**Task goal:**
Transcribe, exactly and without pictures, the lines below from the line with "This 3D icon" to the line with "Đến 18 giờ ngày", both ends included, and no others.

**Input records:**
+---+

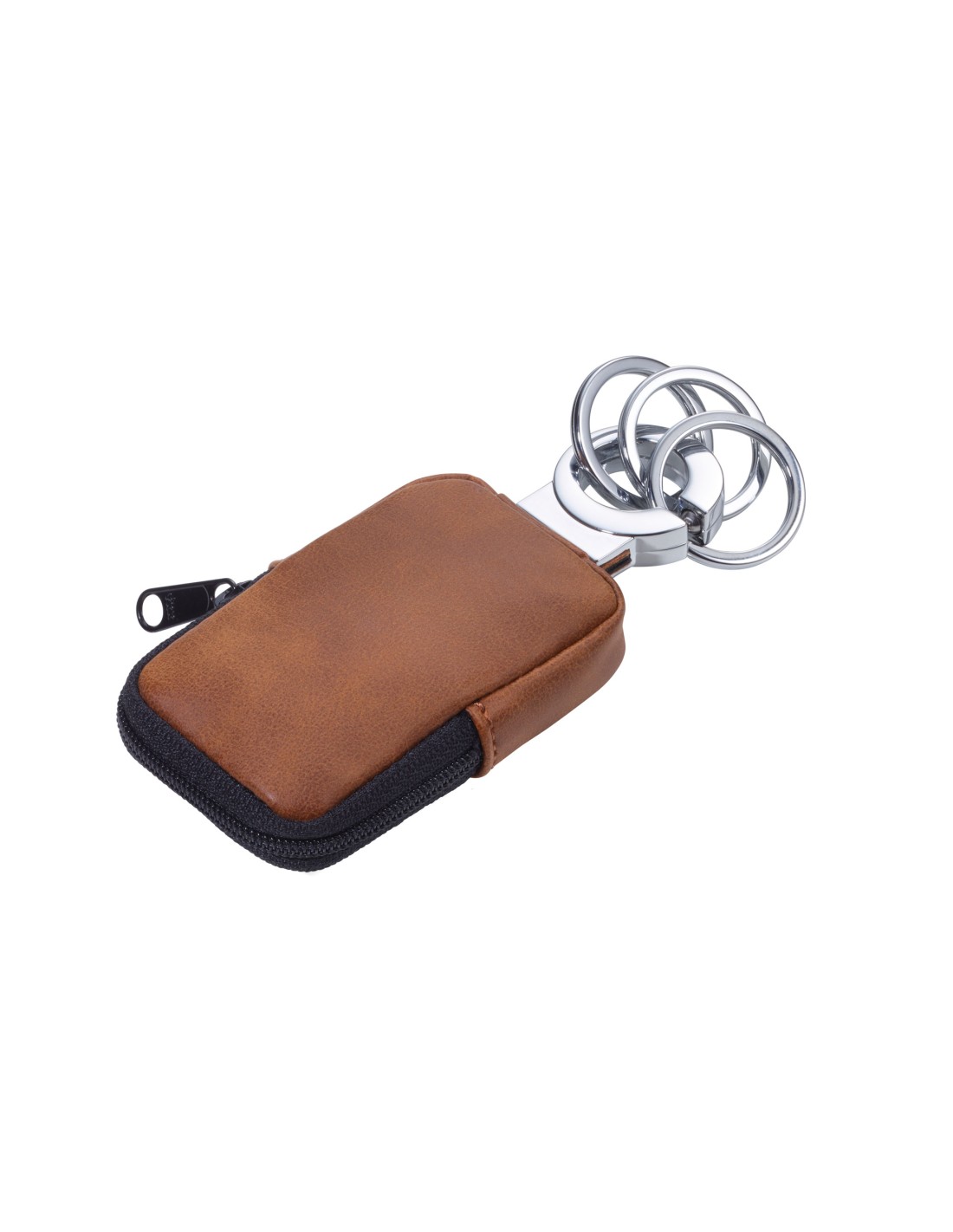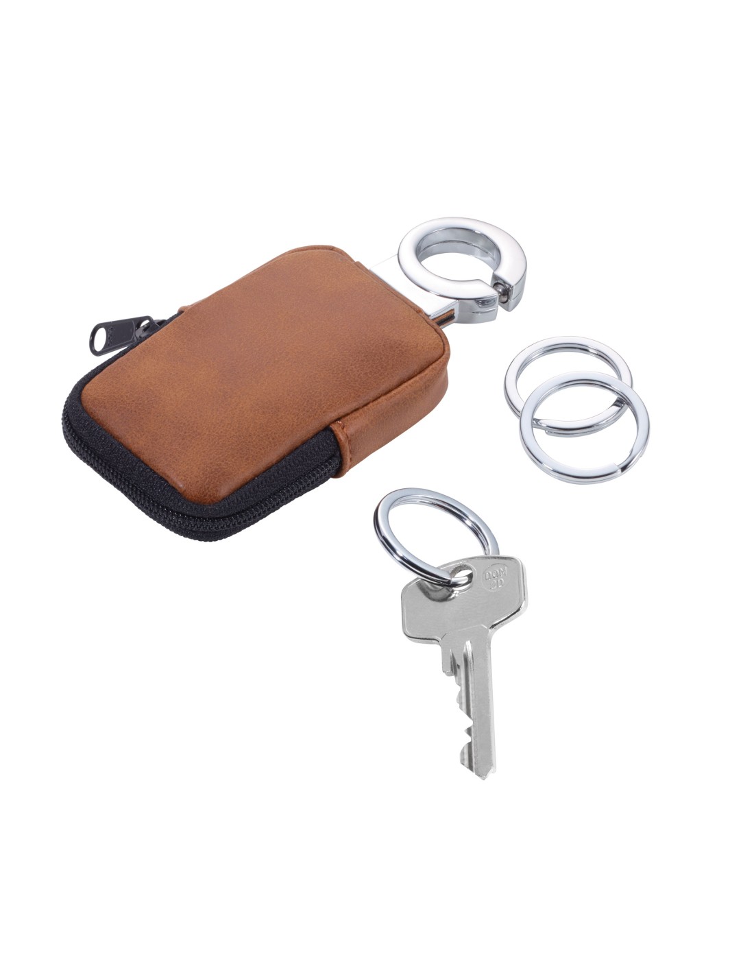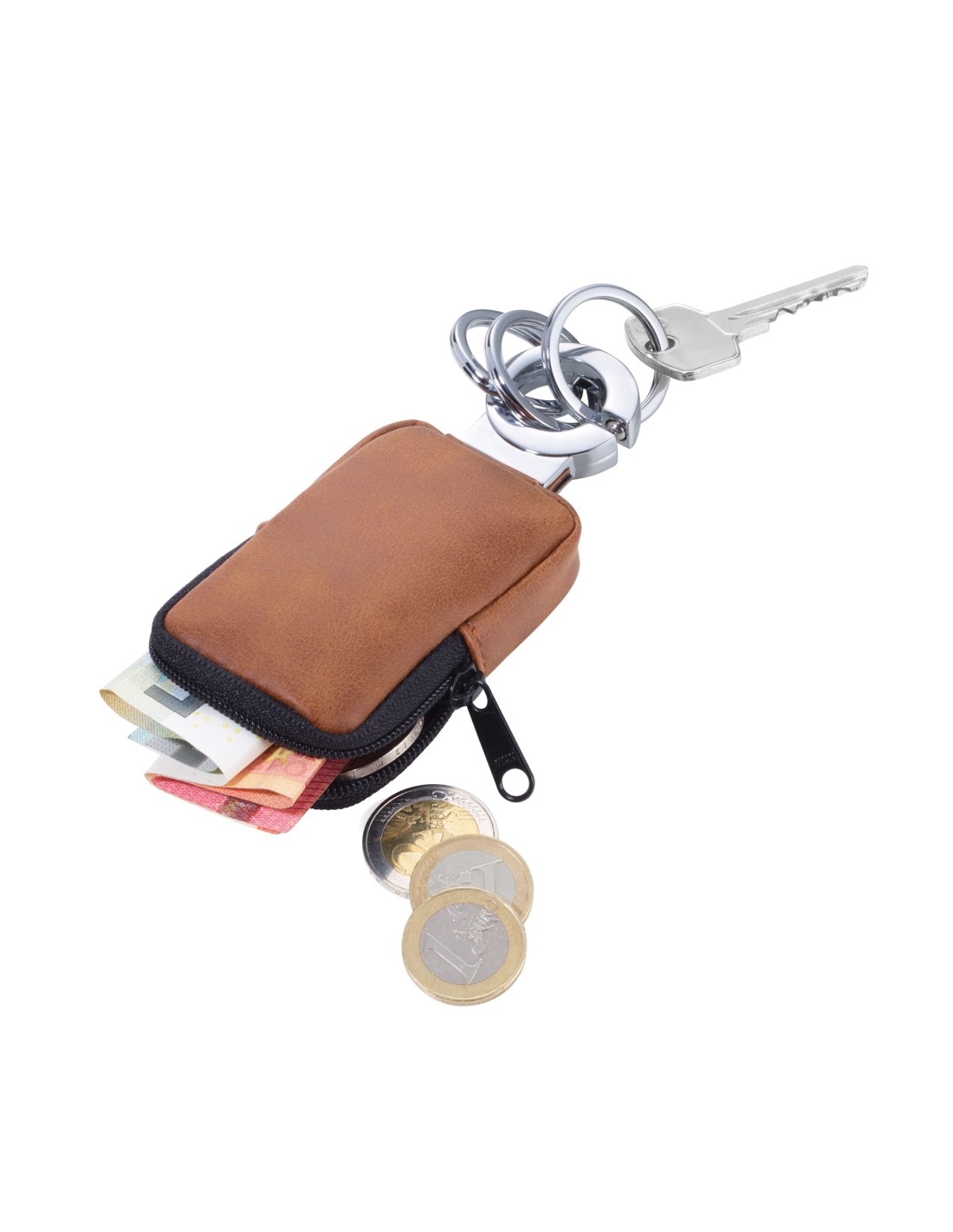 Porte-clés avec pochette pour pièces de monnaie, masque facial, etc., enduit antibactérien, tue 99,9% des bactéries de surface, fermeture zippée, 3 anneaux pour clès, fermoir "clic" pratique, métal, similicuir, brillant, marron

+---+

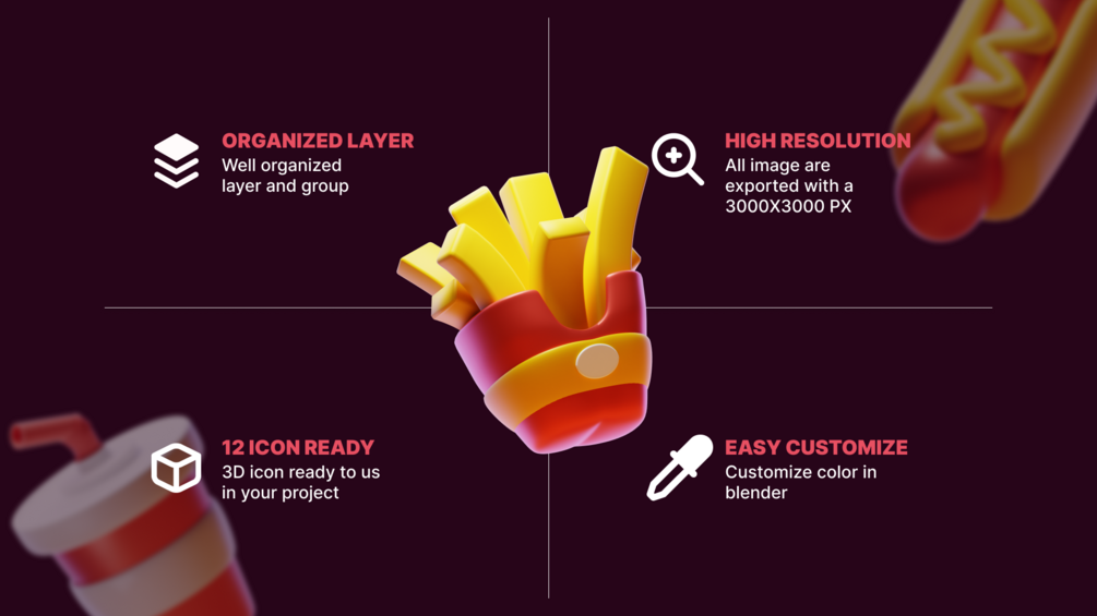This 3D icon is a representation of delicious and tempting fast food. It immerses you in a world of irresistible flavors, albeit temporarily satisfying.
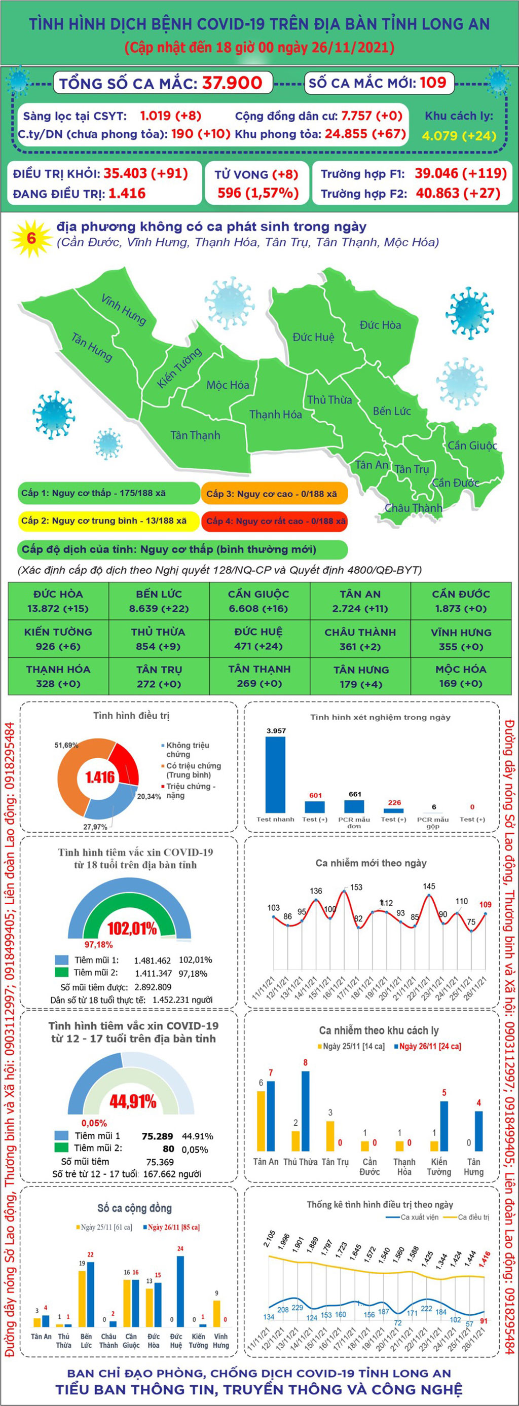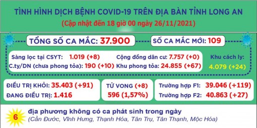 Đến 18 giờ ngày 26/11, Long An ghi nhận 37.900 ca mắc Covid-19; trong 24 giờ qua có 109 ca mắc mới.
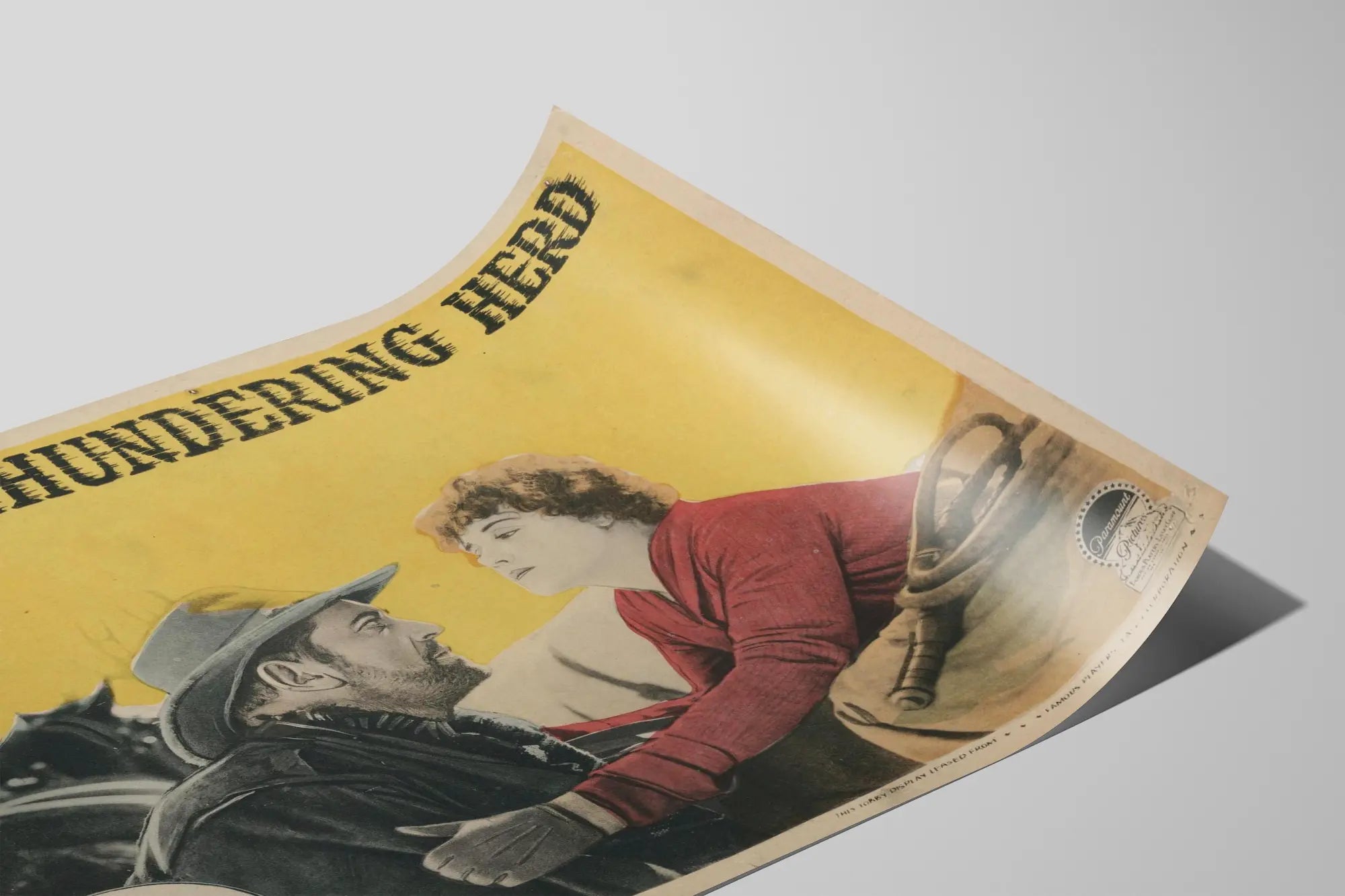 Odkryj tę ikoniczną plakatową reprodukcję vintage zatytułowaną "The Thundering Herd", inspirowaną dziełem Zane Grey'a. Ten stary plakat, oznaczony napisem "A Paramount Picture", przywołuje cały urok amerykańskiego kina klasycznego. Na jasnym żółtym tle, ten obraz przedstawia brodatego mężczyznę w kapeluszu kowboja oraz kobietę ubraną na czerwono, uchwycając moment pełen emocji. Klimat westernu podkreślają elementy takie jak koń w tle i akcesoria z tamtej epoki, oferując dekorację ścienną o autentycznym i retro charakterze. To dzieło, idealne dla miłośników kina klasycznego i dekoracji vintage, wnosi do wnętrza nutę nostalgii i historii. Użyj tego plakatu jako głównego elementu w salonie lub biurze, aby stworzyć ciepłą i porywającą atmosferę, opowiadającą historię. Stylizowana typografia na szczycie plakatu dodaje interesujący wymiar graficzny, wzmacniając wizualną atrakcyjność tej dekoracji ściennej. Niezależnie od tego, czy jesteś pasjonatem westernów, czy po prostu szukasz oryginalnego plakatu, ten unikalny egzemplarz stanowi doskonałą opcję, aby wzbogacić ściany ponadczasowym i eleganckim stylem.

+---+

**Solution to this exercise:**
This 3D icon is a representation of delicious and tempting fast food. It immerses you in a world of irresistible flavors, albeit temporarily satisfying.
 Đến 18 giờ ngày 26/11, Long An ghi nhận 37.900 ca mắc Covid-19; trong 24 giờ qua có 109 ca mắc mới.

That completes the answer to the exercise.